> **Exercise prompt**:
Please reproduce all the data exactly as written and omit the pictures.

> **Information shown**:
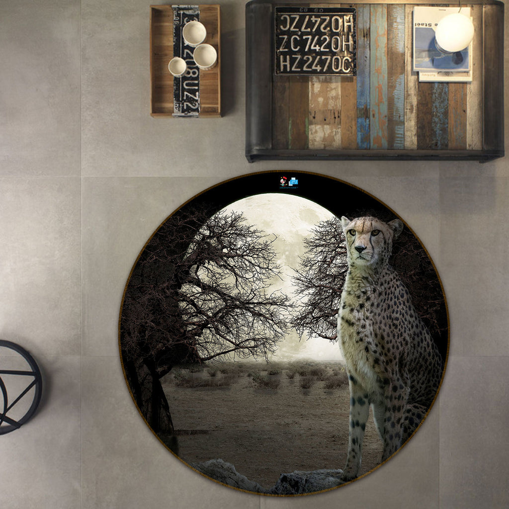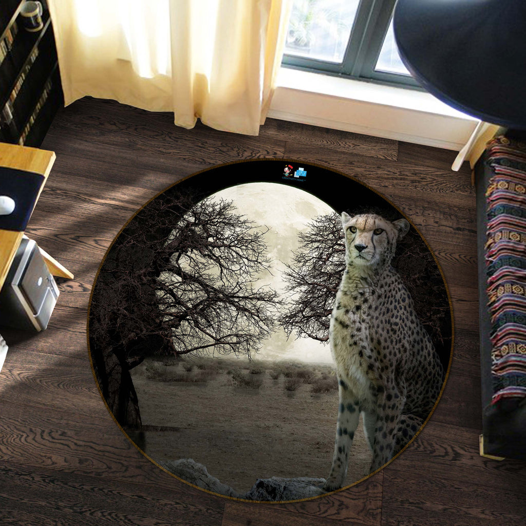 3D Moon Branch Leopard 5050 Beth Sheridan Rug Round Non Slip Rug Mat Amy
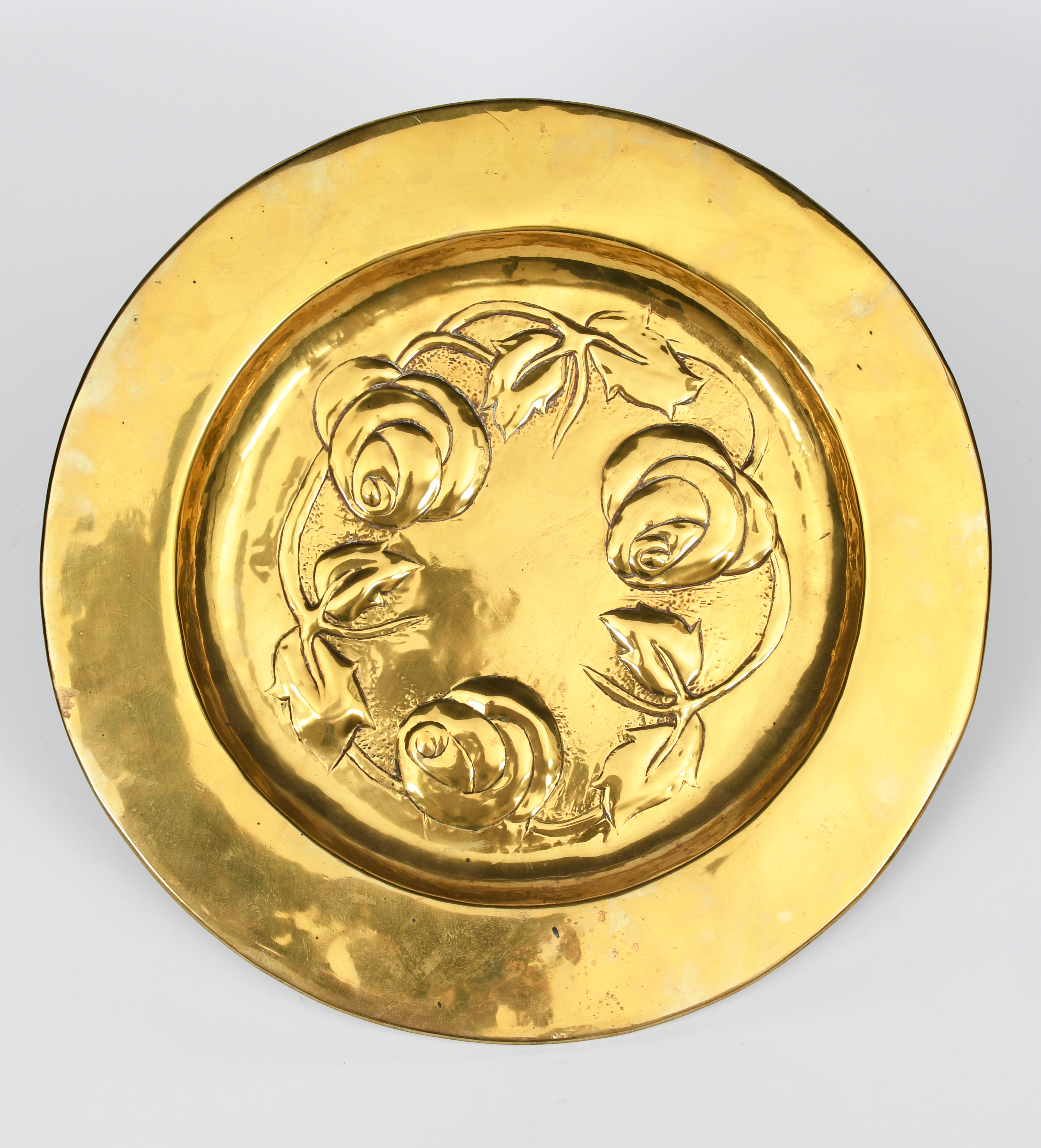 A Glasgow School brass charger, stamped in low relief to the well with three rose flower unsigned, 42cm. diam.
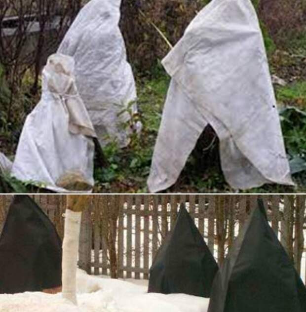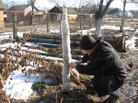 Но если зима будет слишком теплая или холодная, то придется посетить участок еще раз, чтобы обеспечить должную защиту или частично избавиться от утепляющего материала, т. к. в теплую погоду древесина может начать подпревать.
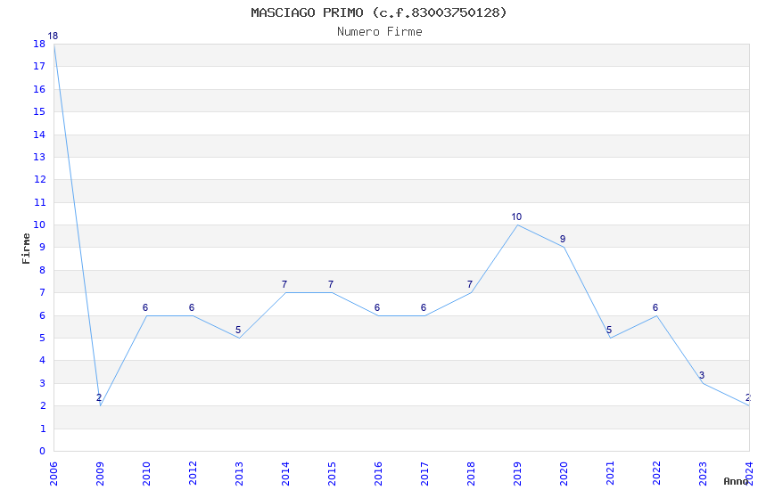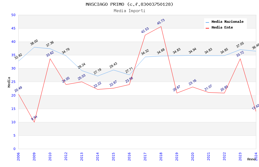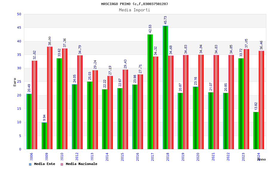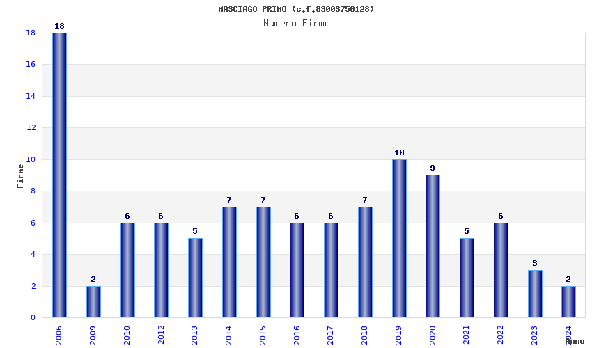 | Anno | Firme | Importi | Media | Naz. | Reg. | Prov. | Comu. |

> **Your solution**:
 3D Moon Branch Leopard 5050 Beth Sheridan Rug Round Non Slip Rug Mat Amy
 A Glasgow School brass charger, stamped in low relief to the well with three rose flower unsigned, 42cm. diam.
 Но если зима будет слишком теплая или холодная, то придется посетить участок еще раз, чтобы обеспечить должную защиту или частично избавиться от утепляющего материала, т. к. в теплую погоду древесина может начать подпревать.
 | Anno | Firme | Importi | Media | Naz. | Reg. | Prov. | Comu. |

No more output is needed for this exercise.